INFORMATION PROVIDED:
═══

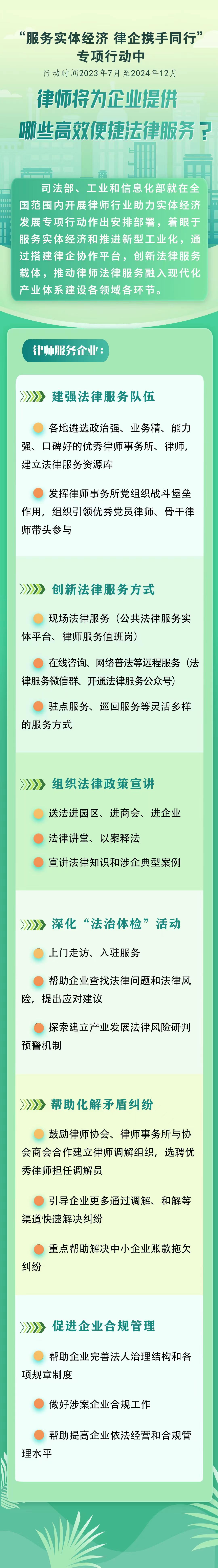 方案要求,各地司法行政部門、工業(yè)和信息化主管部門、通信管理局和律師協(xié)會要共同組織優(yōu)秀律師事務(wù)所和律師,為工業(yè)和信息化領(lǐng)域相關(guān)企業(yè)提供全業(yè)務(wù)、全時空、高效便捷的法律服務(wù)?;顒又?,要摸清各類企業(yè)法律服務(wù)需求,建強(qiáng)法律服務(wù)隊(duì)伍,創(chuàng)新法律服務(wù)方式,通過開展法律政策宣講、深化“法治體檢”活動等形式,推動律師行業(yè)服務(wù)實(shí)體經(jīng)濟(jì)的廣度和深度不斷拓展,服務(wù)的專業(yè)性、精準(zhǔn)性、便捷性、實(shí)效性不斷增強(qiáng),幫助企業(yè)化解法律風(fēng)險(xiǎn),解決法律問題,維護(hù)合法權(quán)益,提升依法合規(guī)經(jīng)營管理水平。
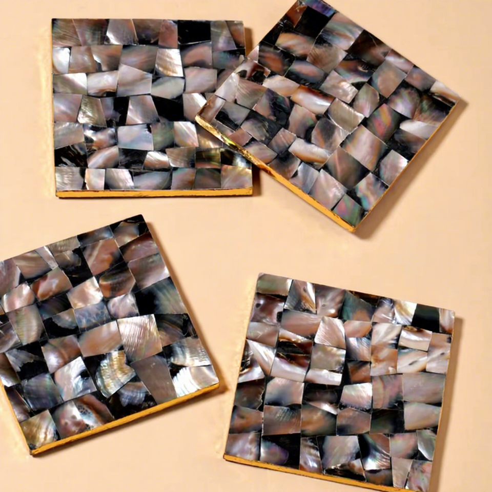 Ensemble de sous-verres de luxe faits à la main en nacre, sous-verres carrés multicolores 4x4 pouces pour la décoration intérieure par Tradebyd
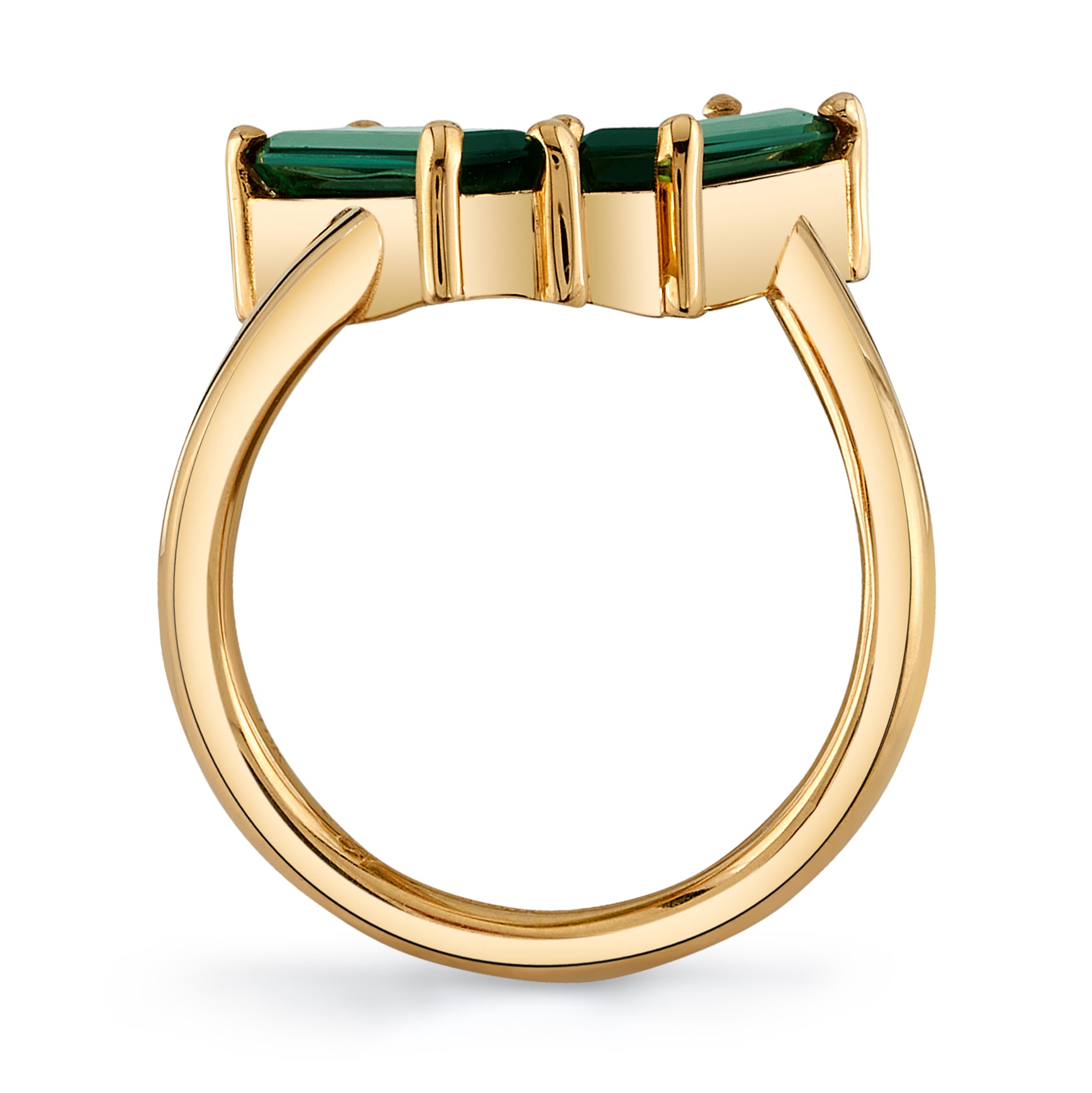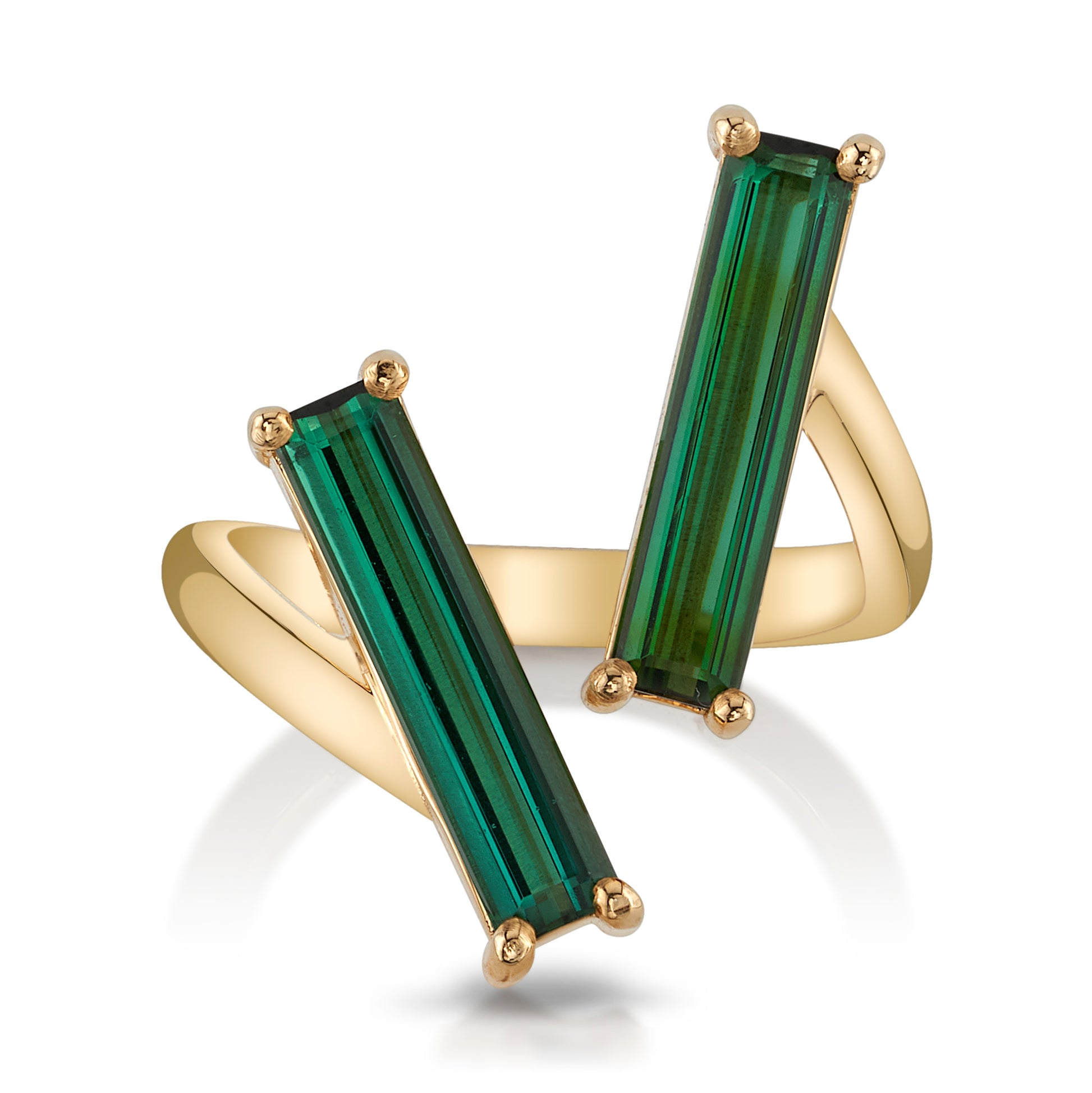 A matched pair of elongated cut rich green tourmalines. They are set assymetrically in a open ring design with heavy, buttery 18k yellow gold.
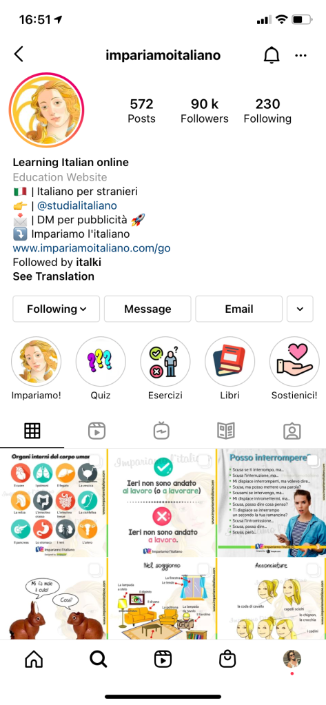 It’s a good idea to expose yourself to your target language as much as possible so a great way to do this is to follow social media pages as that means you’ll encounter the language daily even if you forget or don’t have time. You can follow pages which have been made specifically for learning the language or you can follow everyday pages intended for Italian speakers.
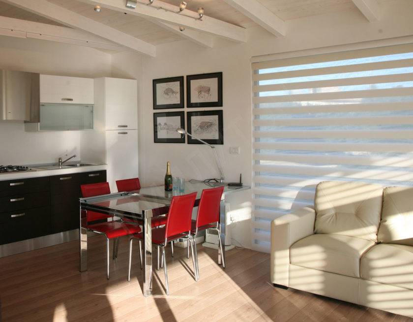 Бамбуковые и деревянные рулонные шторы не рекомендуется использовать в интерьере кухни, так как они будут впитывать запахи и кроме того, при неосторожном обращении их можно легко повредить
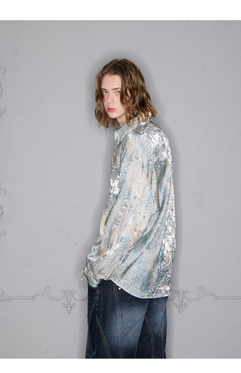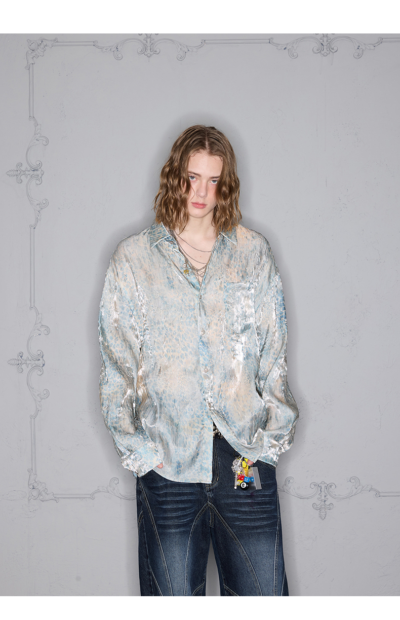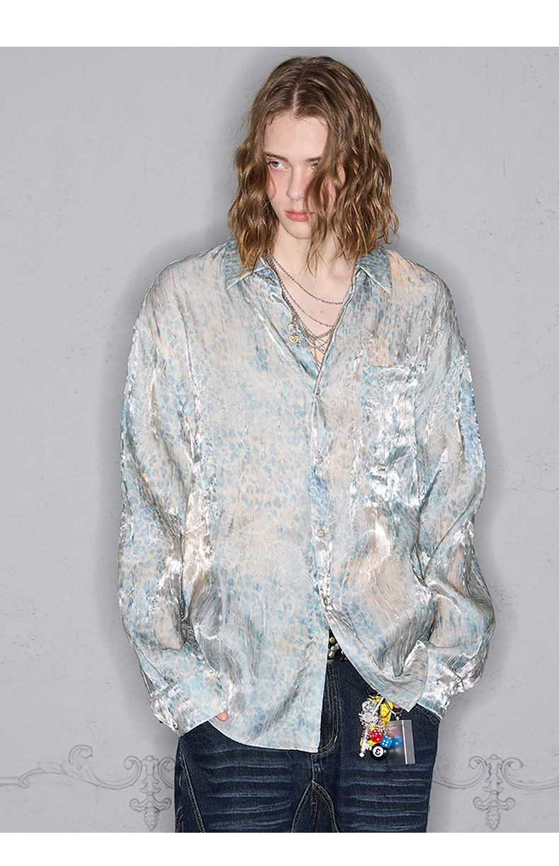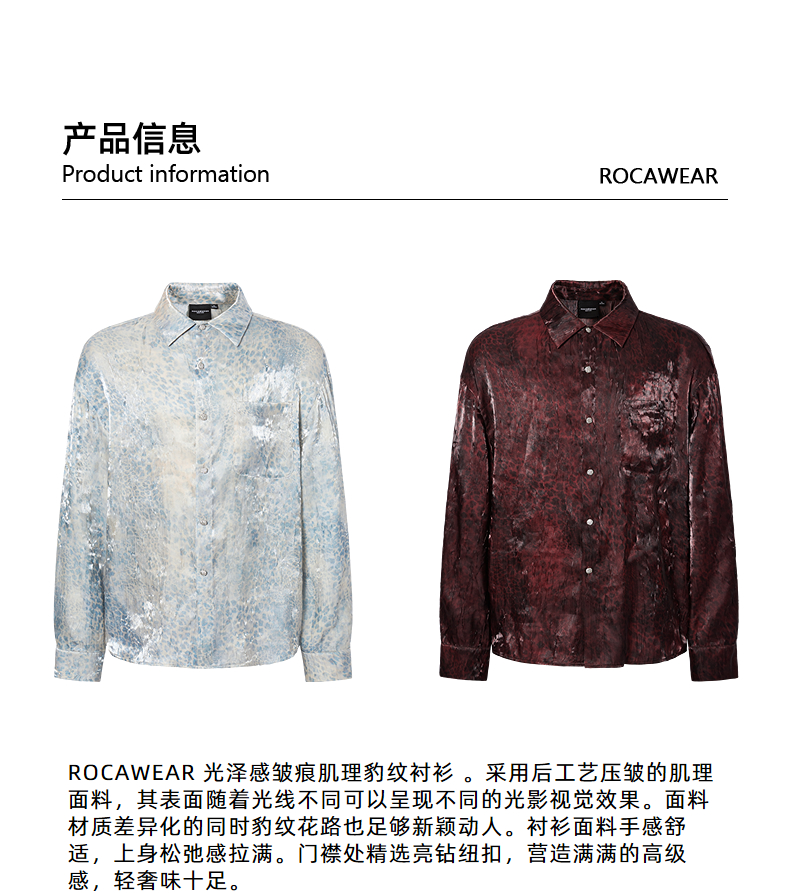 [Ziyu Same Model] Rocawear Glossy Wrinkle Texture Draping Men's and Women's Leopard Print Lapel Long sleeves Shirt Tide

═══

PROMPT: Exactly the lines from the top of the listing through the line with "Ensemble de sous-verres", and no pictures, should be printed.

WORKED SOLUTION:
 方案要求,各地司法行政部門、工業(yè)和信息化主管部門、通信管理局和律師協(xié)會要共同組織優(yōu)秀律師事務(wù)所和律師,為工業(yè)和信息化領(lǐng)域相關(guān)企業(yè)提供全業(yè)務(wù)、全時空、高效便捷的法律服務(wù)?;顒又?,要摸清各類企業(yè)法律服務(wù)需求,建強(qiáng)法律服務(wù)隊(duì)伍,創(chuàng)新法律服務(wù)方式,通過開展法律政策宣講、深化“法治體檢”活動等形式,推動律師行業(yè)服務(wù)實(shí)體經(jīng)濟(jì)的廣度和深度不斷拓展,服務(wù)的專業(yè)性、精準(zhǔn)性、便捷性、實(shí)效性不斷增強(qiáng),幫助企業(yè)化解法律風(fēng)險(xiǎn),解決法律問題,維護(hù)合法權(quán)益,提升依法合規(guī)經(jīng)營管理水平。
 Ensemble de sous-verres de luxe faits à la main en nacre, sous-verres carrés multicolores 4x4 pouces pour la décoration intérieure par Tradebyd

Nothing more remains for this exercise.